**Available data**

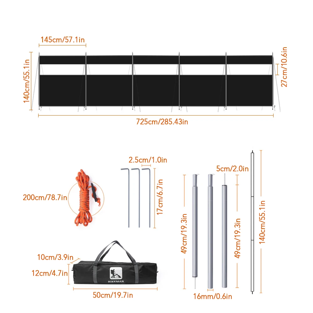 Размеры 173,2x51,2 '', достаточно большие для защиты от ветра на открытом воздухе.
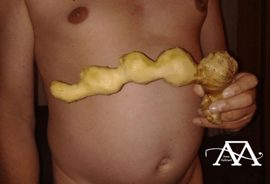 La segunda fase del juego con jengibre: patty haciendo el jugo que se va a tener que tragar…
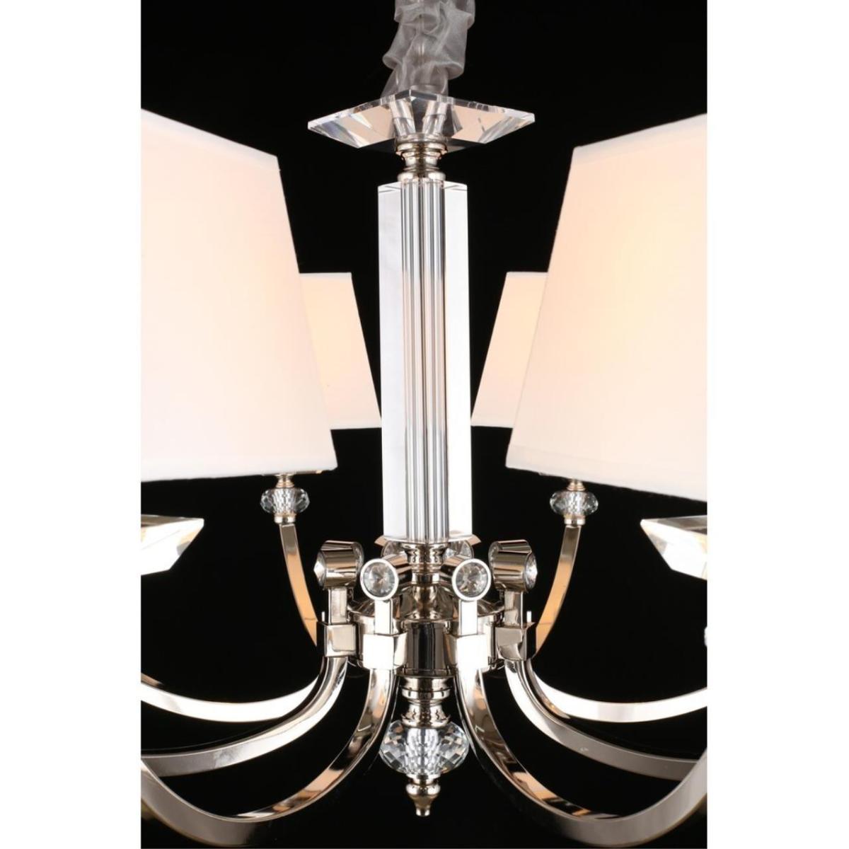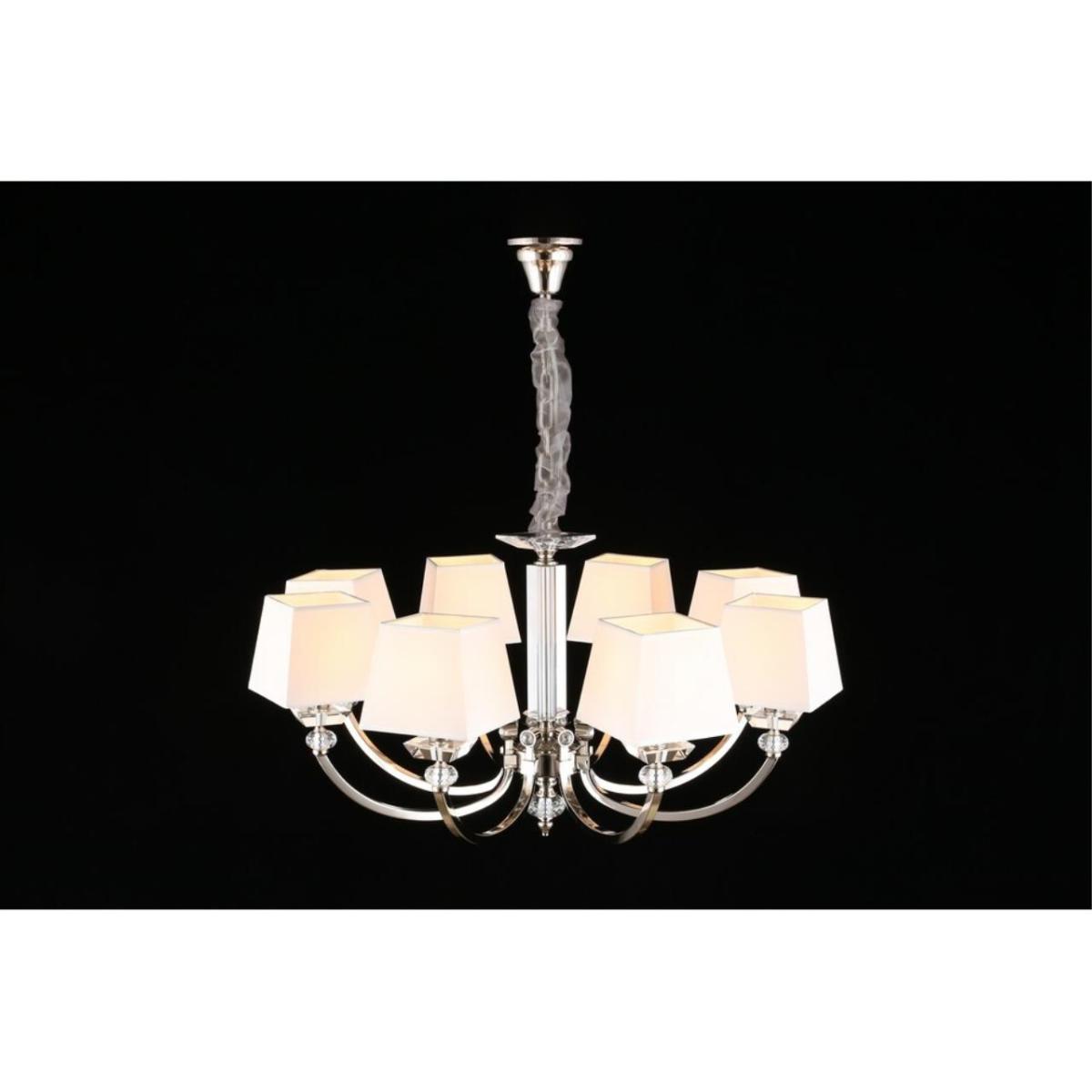 Подвесная люстра Aployt Gay APL.754.03.08 наполняет гостиную мягким, спокойным светом. Восемь бежевых текстильных абажуров направлены вверх, свет ложится ровно и уютно, подчёркивая фактуру стен и теплые оттенки мебели. Хромированная арматура поддерживает архитектуру формы: пирамидальные плафоны собираются в чистый силуэт диаметром 880 мм. Высота подвеса до 1200 мм подходит для разных сценариев размещения. Восемь источников E14 рассчитаны на лампы накаливания, свет мягкий и стабильный.

**Exercise brief**
In the material above, retype exactly the lines that run from the one containing "La segunda fase" through the last line, and keep out the pictures.

**Task answer**
 La segunda fase del juego con jengibre: patty haciendo el jugo que se va a tener que tragar…
 Подвесная люстра Aployt Gay APL.754.03.08 наполняет гостиную мягким, спокойным светом. Восемь бежевых текстильных абажуров направлены вверх, свет ложится ровно и уютно, подчёркивая фактуру стен и теплые оттенки мебели. Хромированная арматура поддерживает архитектуру формы: пирамидальные плафоны собираются в чистый силуэт диаметром 880 мм. Высота подвеса до 1200 мм подходит для разных сценариев размещения. Восемь источников E14 рассчитаны на лампы накаливания, свет мягкий и стабильный.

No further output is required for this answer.